Incorporating Val2 in Training

joakim · May 5, 2020, 3:17am

This started as a question in the data science channel in RocketChat. Basically I would like to incorporate some of the Val2 data in my Train set, while still having both a Validation set as well as a final Test set.

My thoughts were to do the following:

Combine Train set and Validation set (1&2).
Divide up combined set into odd/even eras.
Use odd eras as train set.
Use first half of even eras as validation set.
Use second half of even eras as test set.

Someone suggested that there might be data leakage from era to era, or potentially look-ahead bias (my interpretation), which if true, that would indeed be very bad (and I’m assuming the model would fail on the Test set).

I’d very much appreciate people’s thoughts on this, or other ideas on how to incorporate Val2 in Training while still having separate Val and Test sets.

joakim · May 5, 2020, 5:30am

Just to add, my goal is to be able to develop models that generalize well on unseen data (sorry if I’m stating the obvious here).

In order to do that, I’d like to have a Validation (and Test) set that is representative of the Training set.
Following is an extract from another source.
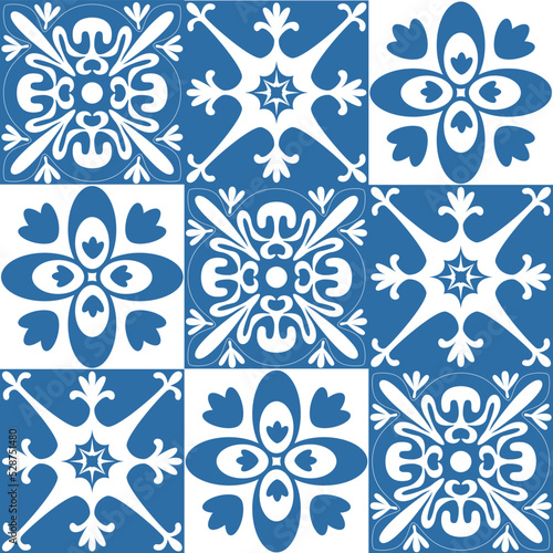 Azulejo tile seamless pattern for decor, vector illustration traditional spanish portuguese pattern for design

My concern is that that may not be currently be the case with the existing Validation set. So if I optimize my model on it, the model may not be able to generalize as well on future data?

richai · May 5, 2020, 5:38am

The danger is when people cross validate on rows instead of eras. But I think any split of the eras makes sense including this one.

However, as has been discussed, eras near each other may have similar properties as they come from the same regime to some extent. So you might want to have a large time separation in your validation as well (eras with lower numbers come from earlier times). This is why validation2 is especially useful because it is a very far away section of time from the training data.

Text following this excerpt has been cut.